To do
In the material below, find the span from the line with "- Набирается цепочка" to the line with "bespoke kitchen an" and transcribe only those lines, exactly, ends included, without the pictures.
*** Data for review ***
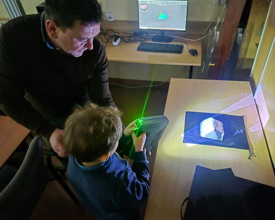 Uczestnicy samodzielnie programowali roboty, które poruszały się po wcześniej przygotowanych, kolorowych liniach. Każdy kolor odpowiadał określonej komendzie, dzięki czemu dzieci mogły obserwować, jak robot reaguje na zaprogramowane polecenia, zmienia kierunek, zatrzymuje się lub wykonuje inne zadania. Zabawa połączona z nauką pozwoliła uczestnikom lepiej zrozumieć podstawowe zasady działania algorytmów oraz logicznego myślenia. Drugim tematem realizowanym podczas zajęć było skanowanie wybranych obiektów przy użyciu skanerów 3D.
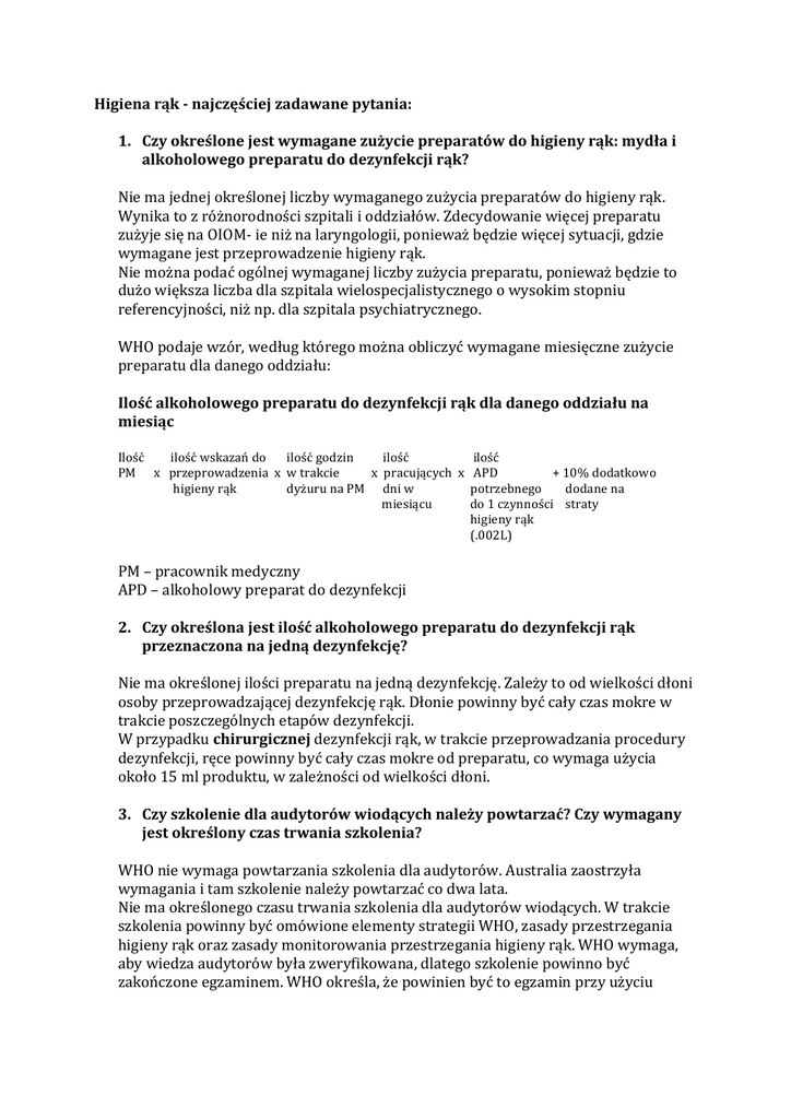 Higiena rąk -‐ najczęściej zadawane pytania: 1. Czy określone jest
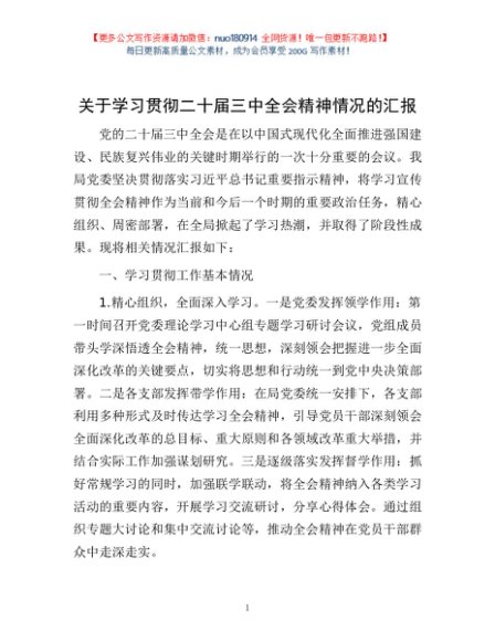 / 关于学习贯彻二十届三中全会精神情况的汇报
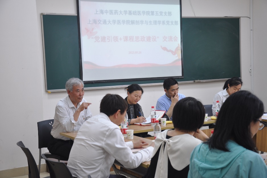 在交流座谈中,双方支部书记邵水金和罗萍分别介绍了支部基本情况。BEAT365基础医学院教授张黎声围绕如何将马克思主义基本立场、观点和方法融入到解剖学课程教学之中,做到“同向同行”,实现教学的思想性、科学性和先进性进行经验交流。上海交通大学医学院解剖学与生理学系支部党员、少数民族骨干教师木合依提 · 阿地力艾力以“28岁的追梦人——以青春筑梦,用行动育人”为题进行交流发言。
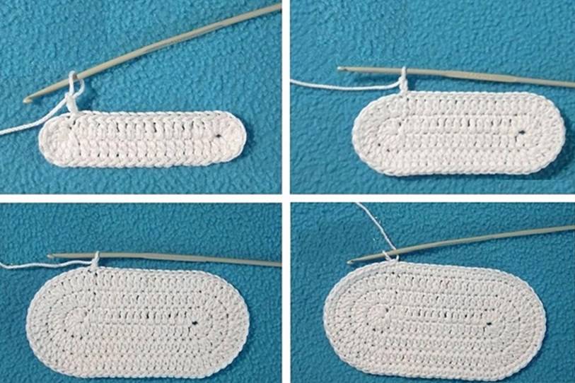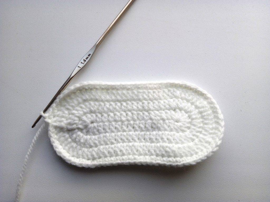 - Набирается цепочка из 10 воздушных петель и круговыми рядами вывязывается овальная подошва, как на картинке. Для вязания этой детали лучше использовать темную пряжу.
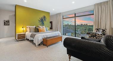bespoke kitchen an entertainer’s dream; function and flow linked with formal dining and the family lounge – complete with a wood burner Both open outside to a sheltered patio setting that gazes out to the playground lawns and gardens – adventure for children and pets, and also an invitation for garden parties around the swimming pool, after a day on the tennis court With a separate, fireplace lounge for peaceful evenings when the drapes are drawn, this home is a wonderful partner for what is on offer in terms of lifestyle – and future income
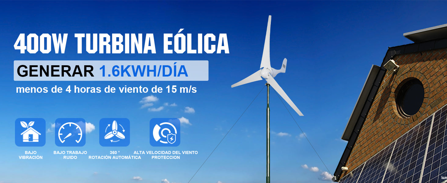 ECO-WORTHY La turbina eólica de 400W 12V/24V es una opción inteligente y asequible para casas y cabañas remotas en áreas ventosas. La electricidad producida por la generación eólica se puede almacenar en baterías para uso doméstico cuando sea necesario. Los aerogeneradores se pueden utilizar solos o como parte de un sistema híbrido, en el que su potencia se combina con la fotovoltaica. Los sistemas híbridos son especialmente útiles para la copia de seguridad en invierno de sistemas domésticos donde el clima nublado y las condiciones de viento ocurren simultáneamente.
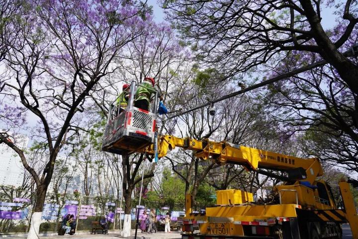 为保障今年盛花品质,养护工作早在去年6月上一轮花期结束后就已启动。五华区绿化处结合季节特点,有序开展修剪病枝弱枝、防治病虫害、足量透水浇灌、施加微量元素肥等多项作业,全方位促进植株健壮生长。其中,根系养护为今年管护重点。
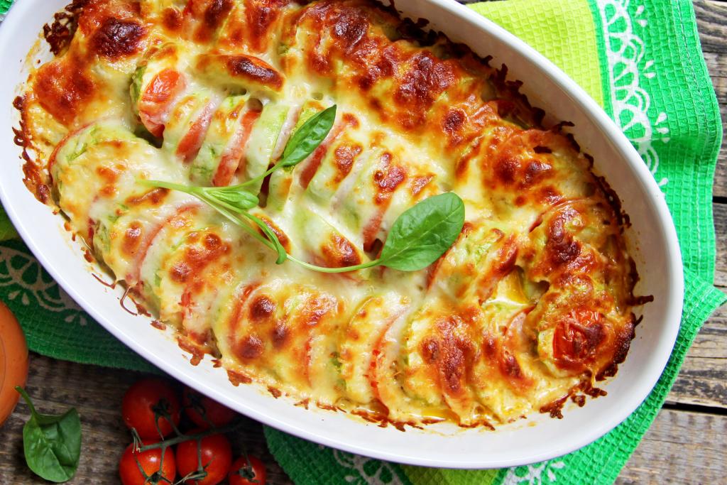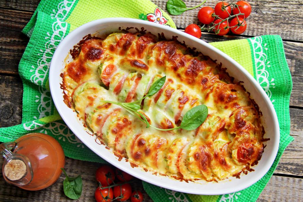 Готовое овощное блюдо достать из духовки. Кабачки, запечённые с помидорами, майонезом и сыром, получаются сочными, аппетитными и вкусными, к столу подавать их лучше в горячем виде.
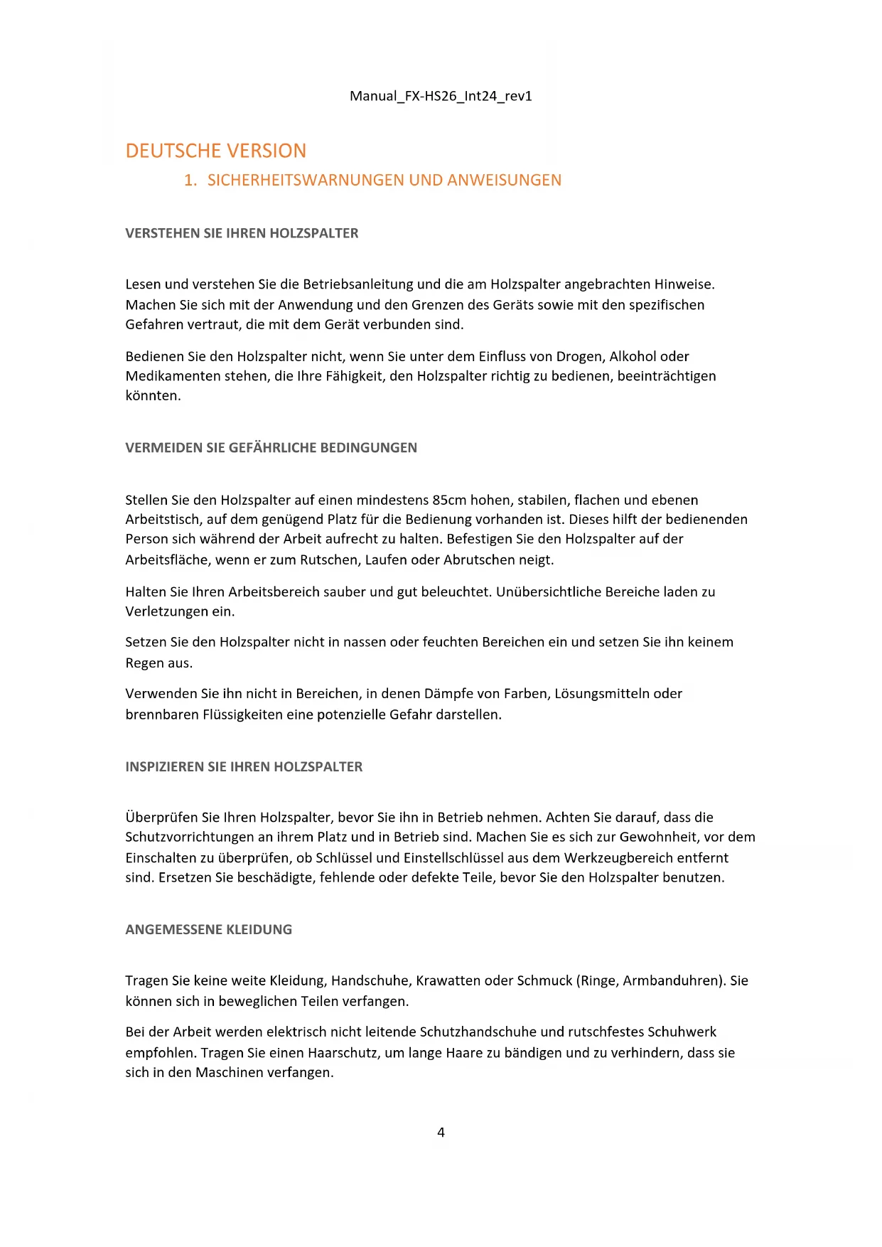 Überprüfen Sie Ihren Holzspalter, bevor Sie ihn in Betrieb nehmen. Achten Sie darauf, dass die Schutzvorrichtungen an ihrem Platz und in Betrieb sind. Machen Sie es sich zur Gewohnheit, vor dem Einschalten zu überprüfen, ob Schlüssel und Einstellschlüssel aus dem Werkzeugbereich entfernt sind. Ersetzen Sie beschädigte, fehlende oder defekte Teile, bevor Sie den Holzspalter benutzen. ANGEMESSENE KLEIDUNG Tragen Sie keine weite Kleidung, Handschuhe, Krawatten oder Schmuck (Ringe, Armbanduhren). Sie können sich in beweglichen Teilen verfangen. Bei der Arbeit werden elektrisch nicht leitende Schutzhandschuhe und rutschfestes Schuhwerk empfohlen. Tragen Sie einen Haarschutz, um lange Haare zu bändigen und zu verhindern, dass sie sich in den Maschinen verfangen.Manual_FX-HS26_Int24_rev1
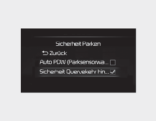 Wenn der ENGINE START/STOP-Knopf in Position ON steht, wählen Sie im Einstellungsmenü „Fahrerassistenz → Parksicherheit → Sicherheit Querverkehr hinten“, um den hinteren Querverkehrs-Kollisionsvermeidungsassistenten einzuschalten bzw. die Funktion zu deaktivieren.
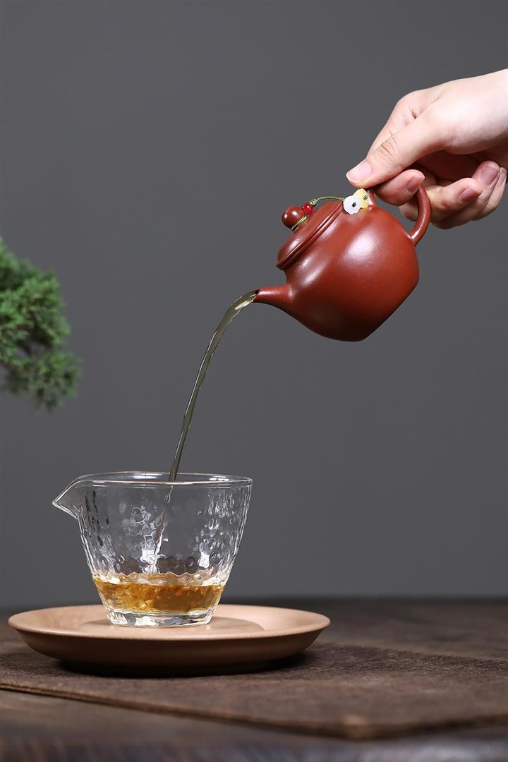 【泥料特點】砂土氣重,似淳實農民,日久使用,漸露鋒芒,養成變化,溫潤莊重。紫砂是壹種雙重氣孔結構的多孔性材質,氣孔微細,密度高。用紫砂壺沏茶,不失原味,且香不渙散,得茶之真香真味。紫砂使用越久,壺身色澤越發光亮照人,氣韻溫雅。紫砂壺長久使用器身會因撫摸擦拭,變得越發溫潤光澤。
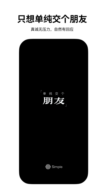 Simple,一个只关乎友情、无关爱情的社交星球。在这里,真正的你才是最重要的。没有真实头像和身份标签,没有任何社交压力。友情是这里的主旋律,没有爱情的复杂和功利,只有真诚与自由。每个人都可以做最真实的自己,随心表达,记录每一个小情绪,和他人建立自然的联系,真诚地认识新朋友,且保持边界感。
*** End of Data for review ***
Output below
 - Набирается цепочка из 10 воздушных петель и круговыми рядами вывязывается овальная подошва, как на картинке. Для вязания этой детали лучше использовать темную пряжу.
bespoke kitchen an entertainer’s dream; function and flow linked with formal dining and the family lounge – complete with a wood burner Both open outside to a sheltered patio setting that gazes out to the playground lawns and gardens – adventure for children and pets, and also an invitation for garden parties around the swimming pool, after a day on the tennis court With a separate, fireplace lounge for peaceful evenings when the drapes are drawn, this home is a wonderful partner for what is on offer in terms of lifestyle – and future income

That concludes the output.